Given the records underneath, please repeat exactly the lines from the line with "(¬11) أخرجه مسلم" through the line with "arcoíris 2x1 metros", passing over any picture.

◆ Record excerpts ◆
* * * * *
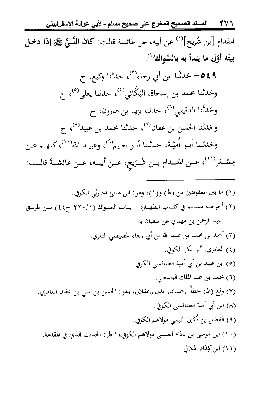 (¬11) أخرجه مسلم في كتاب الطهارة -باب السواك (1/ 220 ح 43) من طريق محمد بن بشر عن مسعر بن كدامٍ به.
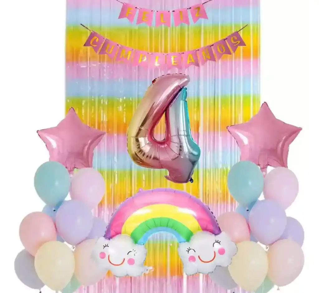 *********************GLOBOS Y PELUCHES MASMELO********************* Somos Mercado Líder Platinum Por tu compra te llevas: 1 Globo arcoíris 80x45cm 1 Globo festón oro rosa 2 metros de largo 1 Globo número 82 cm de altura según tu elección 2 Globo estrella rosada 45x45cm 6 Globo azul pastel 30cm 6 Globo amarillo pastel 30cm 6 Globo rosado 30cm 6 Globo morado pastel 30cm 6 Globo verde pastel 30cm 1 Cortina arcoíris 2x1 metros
* * * * *
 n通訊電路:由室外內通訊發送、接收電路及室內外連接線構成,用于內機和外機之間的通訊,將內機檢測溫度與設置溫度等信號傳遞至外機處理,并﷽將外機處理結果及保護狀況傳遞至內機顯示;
* * * * *
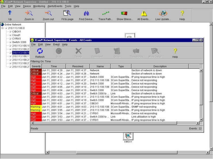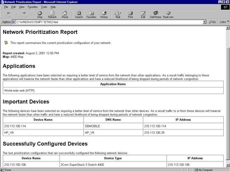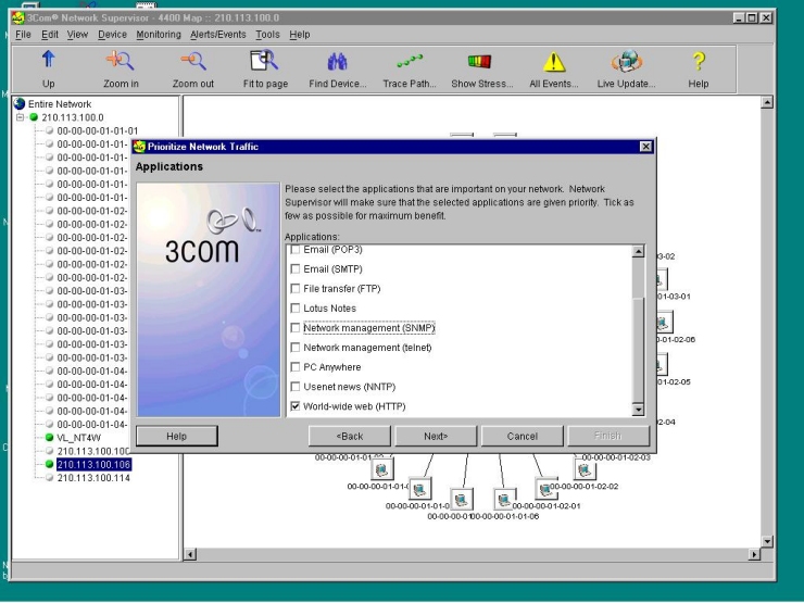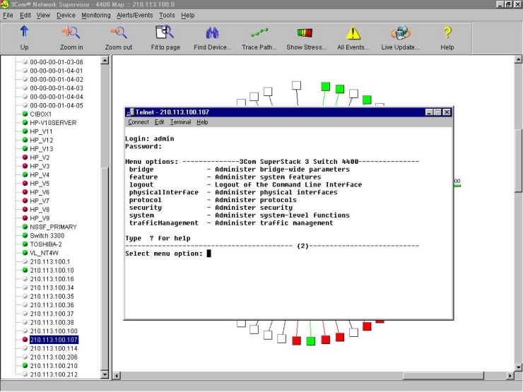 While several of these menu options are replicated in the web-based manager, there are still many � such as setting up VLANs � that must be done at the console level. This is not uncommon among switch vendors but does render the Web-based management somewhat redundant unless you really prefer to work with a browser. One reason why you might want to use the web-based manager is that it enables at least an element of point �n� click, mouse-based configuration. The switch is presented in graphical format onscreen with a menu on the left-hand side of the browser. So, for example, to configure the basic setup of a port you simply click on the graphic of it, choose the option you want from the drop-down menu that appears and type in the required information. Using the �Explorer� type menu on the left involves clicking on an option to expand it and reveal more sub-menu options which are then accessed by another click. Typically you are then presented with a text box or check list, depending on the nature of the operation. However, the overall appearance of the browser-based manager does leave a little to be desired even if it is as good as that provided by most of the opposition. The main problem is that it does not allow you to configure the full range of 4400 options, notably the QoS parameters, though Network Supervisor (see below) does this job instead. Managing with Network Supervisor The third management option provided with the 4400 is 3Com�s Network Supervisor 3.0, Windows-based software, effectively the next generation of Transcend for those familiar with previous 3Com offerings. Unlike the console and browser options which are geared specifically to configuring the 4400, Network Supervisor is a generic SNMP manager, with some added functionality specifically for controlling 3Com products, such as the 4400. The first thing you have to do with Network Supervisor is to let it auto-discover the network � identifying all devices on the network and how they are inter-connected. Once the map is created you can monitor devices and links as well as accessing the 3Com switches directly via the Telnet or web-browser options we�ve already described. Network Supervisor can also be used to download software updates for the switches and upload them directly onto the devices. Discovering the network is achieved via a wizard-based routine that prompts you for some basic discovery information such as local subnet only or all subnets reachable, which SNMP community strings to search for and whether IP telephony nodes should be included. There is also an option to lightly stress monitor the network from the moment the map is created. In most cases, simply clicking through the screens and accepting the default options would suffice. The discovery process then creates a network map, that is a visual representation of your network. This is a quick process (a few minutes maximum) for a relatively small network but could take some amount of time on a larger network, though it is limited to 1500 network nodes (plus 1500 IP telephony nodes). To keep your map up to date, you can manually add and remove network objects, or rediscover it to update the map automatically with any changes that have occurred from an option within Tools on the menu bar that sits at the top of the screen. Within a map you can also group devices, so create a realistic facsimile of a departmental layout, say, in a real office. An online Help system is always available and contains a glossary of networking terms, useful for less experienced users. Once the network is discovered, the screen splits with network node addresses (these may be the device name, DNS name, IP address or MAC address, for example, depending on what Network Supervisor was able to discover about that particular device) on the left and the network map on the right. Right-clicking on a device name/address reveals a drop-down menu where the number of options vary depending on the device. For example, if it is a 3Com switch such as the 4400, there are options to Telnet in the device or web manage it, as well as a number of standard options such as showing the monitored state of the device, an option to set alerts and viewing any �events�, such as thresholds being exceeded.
* * * * *
◆ Result for this task ◆
 (¬11) أخرجه مسلم في كتاب الطهارة -باب السواك (1/ 220 ح 43) من طريق محمد بن بشر عن مسعر بن كدامٍ به.
 *********************GLOBOS Y PELUCHES MASMELO********************* Somos Mercado Líder Platinum Por tu compra te llevas: 1 Globo arcoíris 80x45cm 1 Globo festón oro rosa 2 metros de largo 1 Globo número 82 cm de altura según tu elección 2 Globo estrella rosada 45x45cm 6 Globo azul pastel 30cm 6 Globo amarillo pastel 30cm 6 Globo rosado 30cm 6 Globo morado pastel 30cm 6 Globo verde pastel 30cm 1 Cortina arcoíris 2x1 metros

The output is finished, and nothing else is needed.